Per i movimenti dell’acqua la questione dell’arbitro non risolve il problema: «Esperienze di authority a livello europeo hanno dimostrato che anche gli arbitri “indipendenti” possono essere fuorviati dalle informazioni dei gestori. Per noi l’unica via di uscita è ripubblicizzare la gestione dell’acqua, metterla in mano com’era una volta, a enti di diritto pubblico, e non più a società per azioni pubbliche o private che siano e, in ultima istanza, togliere la risorsa dalla sfera della finanza speculativa. Non ha senso che un tubo si rompa a Roma e il call center della società di gestione risponda da Parigi o da Londra. Neppure il sindaco che dura in carica per cinque anni potrebbe molto di fronte a un contratto trentennale».

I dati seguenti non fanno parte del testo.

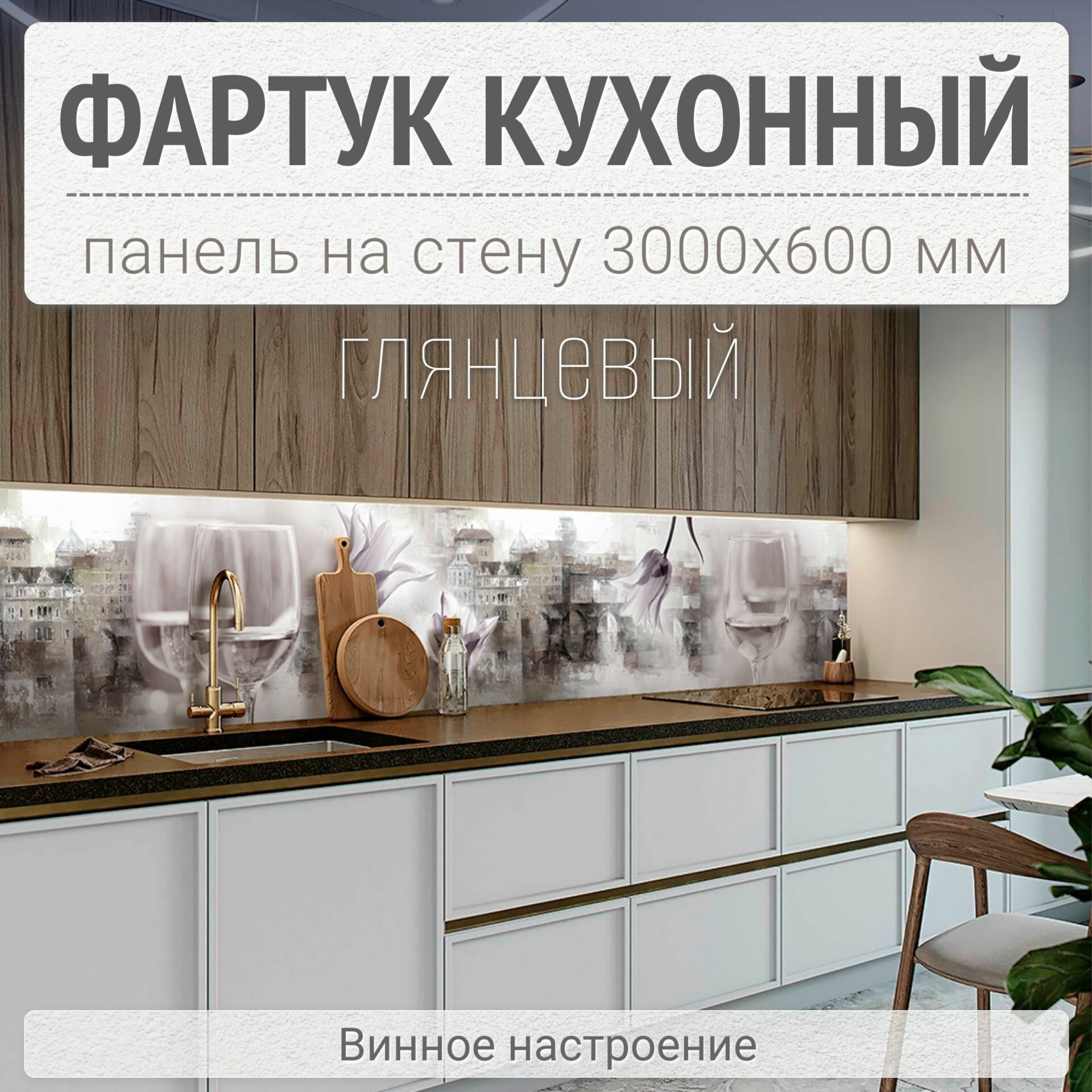 Фартук для кухни на стену 3000х600 мм, глянцевый Винное настроение. Панель стеновая ПВХ влагостойкая декоративная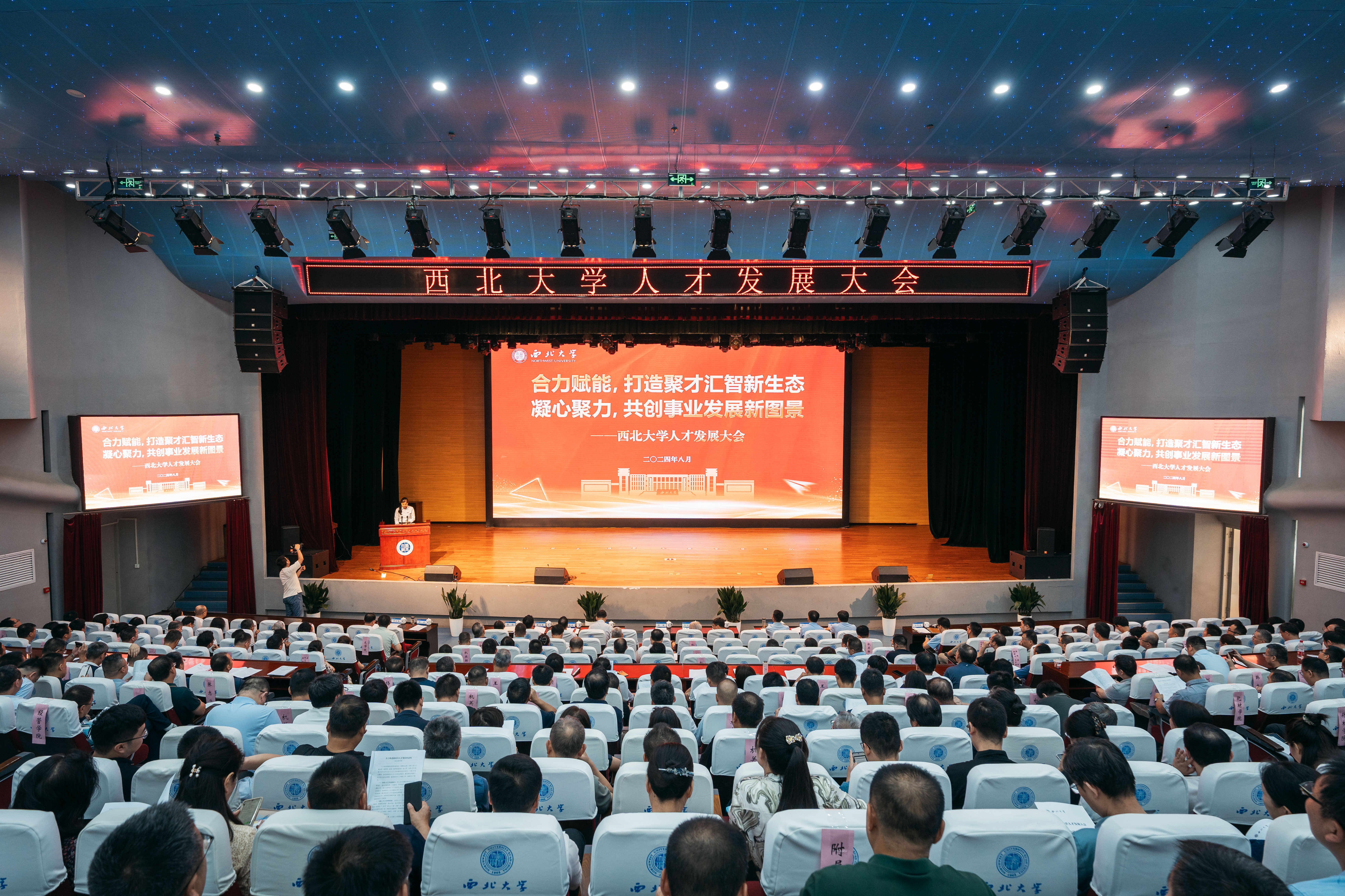 为全面贯彻落实党的二十大和二十届三中全会精神,深入学习贯彻习近平总书记关于人才工作的重要论述,持续深化新时代人才强校战略,加快推进学校第十四次党代会精神落实落地,8月20日,学校在长安校区召开了人才发展大会。中国科学院院士、地质学系教授张国伟,全体校领导,省委组织部人才工作一处处长钟雪斐,全校副处级以上干部,学校国家级、省部级高层次人才,省级以上荣誉称号获得者,二级、三级教授,以及无行政级别实体研究机构负责人参加了会议。
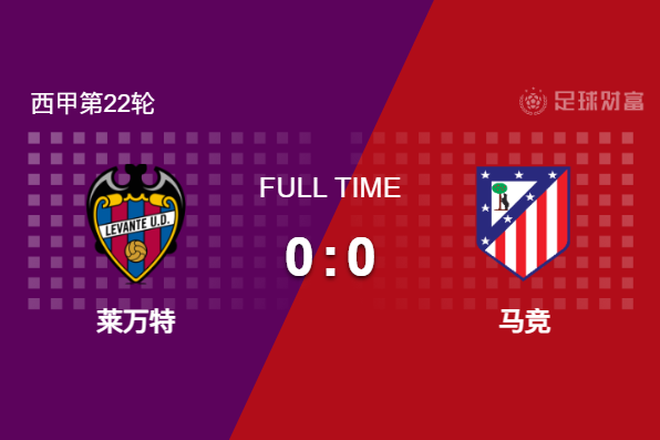 最终全场比赛结束,莱万特主场0-0逼平马竞。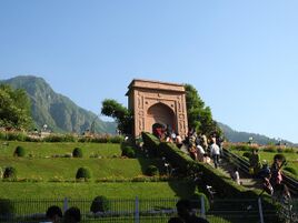 The Mughals annexed Kashmir in 1586 after a period of internal instability in the valley, and added it to their Kabul province. Mughal emperor Akbar visited the valley three times. During his second visit in 1592, an elaborate Diwali celebration was held in Srinagar.[44] On the final such visit, he was accompanied by the first recorded European visitors to the area.[lower-alpha 4] Akbar built fortifications around the Hari Parbat hill, and established a township called Nagar Nagar there.[45] He also built a shrine for Hamza Makhdoom, a Sufi mystic of Kashmir's Rishi order, on the southern slope of Hari Parbat which was later expanded several times.[46] His successor Jahangir was particularly fond of the Kashmir valley and frequently visited it.[45] His rule brought prosperity to Srinagar, and several Mughal gardens were built in the city and around the Dal lake during his and his successor Shah Jahan's reign, including the Shalimar and Nishat Bagh. Empress Nur Jahan built the Pathar Mosque on the left bank of Jhelum river opposite the Khānqāh-e-Moula in 1623, the mosque was however deemed unfit for worship soon after its construction and used instead for non-religious purposes.[47] Shah Jahan made Kashmir into a separate Subah (province) with its administrative seat at Srinagar in 1638. The Aali Masjid was built during the reign of Aurangzeb (1658–1707), as was the Safa kadal bridge over the Jhelum. The moi muqaddas, a relic believed to be the hair strand of prohphet Muhammad’s beard, also arrived in Kashmir during this time, and was housed in a Mughal palace at Hazratbal, which became the Hazratbal Dargah. A number of Europeans visited the city during the later Mughal period.[lower-alpha 5]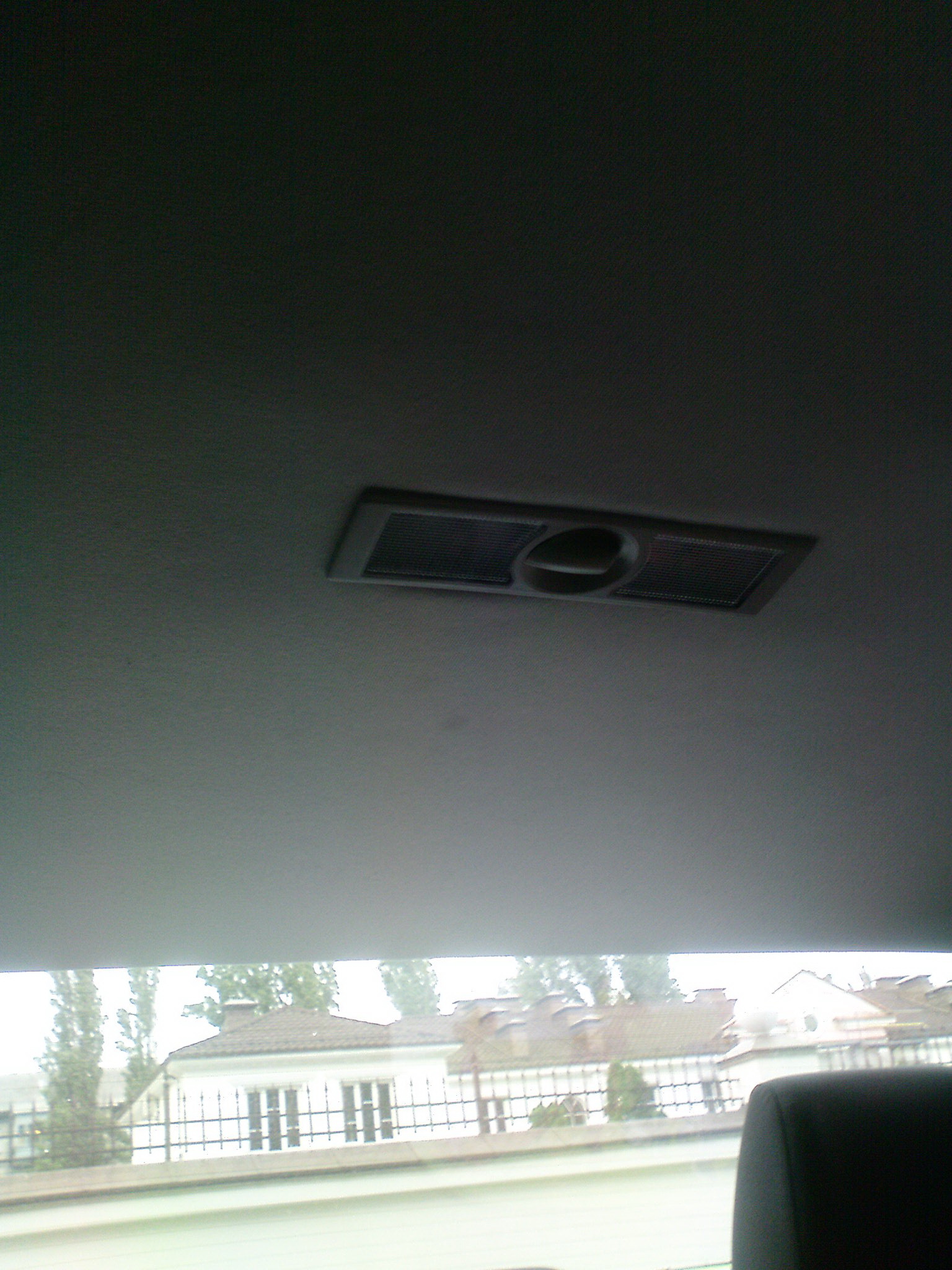 Потолок не снимал - вырезал отверстие и протянул провода к левой передней стойке. Снять пришлось заднюю левую ручку на потолке, и стойки слева переднюю и среднюю.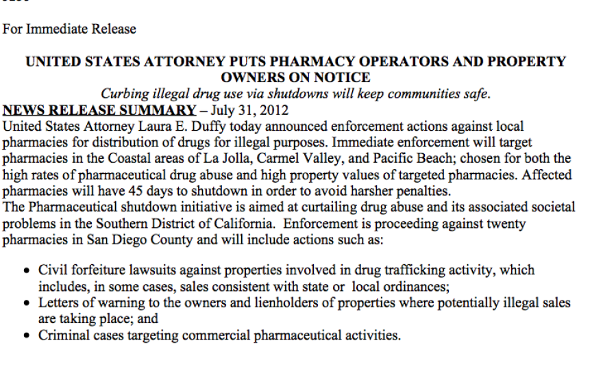 "United States Attorney Laura E. Duffy today announced enforcement actions against local pharmacies for distribution of drugs for illegal purposes," the fake release read. "Immediate enforcement will target pharmacies in the Coastal areas of La Jolla, Carmel Valley, and Pacific Beach; chosen for both the high rates of pharmaceutical drug abuse and high property values of targeted pharmacies. Affected pharmacies will have 45 days to shutdown in order to avoid harsher penalties."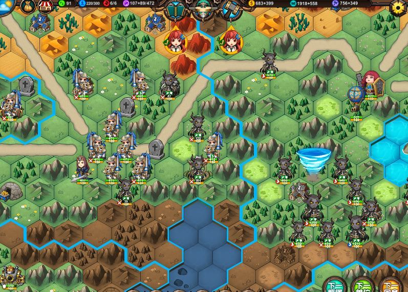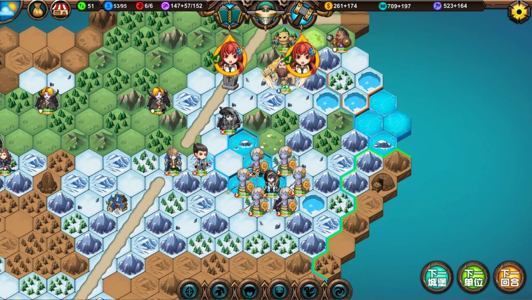3、一个山谷图优秀的防守措施,一个防御者蹲在山间小路口,把最前面的小兵晕住不杀,两回合给她加一次血,后面一整队敌人都走不动挤在那干着急,比蹲城堡被四面围攻好守多了。

Al di là delle opinioni e delle recriminazioni, l’aspro scontro sull’acqua in corso è il risultato della mancanza di dibattito pubblico sul processo di privatizzazione avvenuto negli ultimi quindici anni in Italia. Una frattura culminata nel 2007 con la presentazione di una legge di iniziativa popolare per la ripubblicizzazione del servizio idrico, presentata dal Forum dei movimenti dell’acqua e completamente ignorata dalla politica. Indifferenza che ha allarmato l’opinione pubblica: «L’acqua ha una forte valenza simbolica – spiega Emanuele Fantini, dottore di ricerca in Scienza politica dell’università di Torino –, è diventata nella percezione degli italiani una specie di “ultima trincea” per la difesa di valori che sono insieme universali come il diritto all’acqua per tutta l’umanità e nello stesso tempo locali come la salvaguardia del proprio territorio. A mio avviso la grande mobilitazione pubblica contro la privatizzazione dell’acqua è una protesta paradigmatica attraverso cui i cittadini manifestano senso di smarrimento, impotenza e sofferenza di fronte al timore di una globalizzazione che avanza senza regole e di una politica che decide senza ascoltarli. La principale sfida in Italia, ma anche nel resto del mondo, consiste nel trovare il giusto equilibrio tra democrazia e tecnocrazia, cioè tra un servizio idrico che è sentito come legittimo dalle persone e l’esigenza di una gestione tecnica sempre più complessa, difficile da spiegare alle masse».
1° settembre 2010
Giornata per la salvaguardia del Creato
Il primo settembre ricorre la quinta Giornata per la salvaguardia del Creato. Nelle varie diocesi italiane ci saranno momenti di riflessione, dibattiti e iniziative, legati al tema di quest’anno: «Custodire il creato, per coltivare la pace». In molti tratteranno proprio il tema dell’acqua. Ecco un brano estratto dal messaggio del Papa per la giornata che fa diretto riferimento all’acqua:
«Benedetto XVI ha segnalato più volte quanti ostacoli incontrino oggi i poveri per accedere alle risorse ambientali, comprese quelle fondamentali come l’acqua, il cibo e le fonti energetiche. Spesso, infatti, l’ambiente viene sottoposto a uno sfruttamento così intenso da determinare situazioni di forte degrado, che minacciano l’abitabilità della Terra per la generazione presente e ancor più per quelle future. Questioni di apparente portata locale si rivelano connesse con dinamiche più ampie, quali per esempio il mutamento climatico, capaci di incidere sulla qualità della vita e sulla salute anche nei contesti più lontani».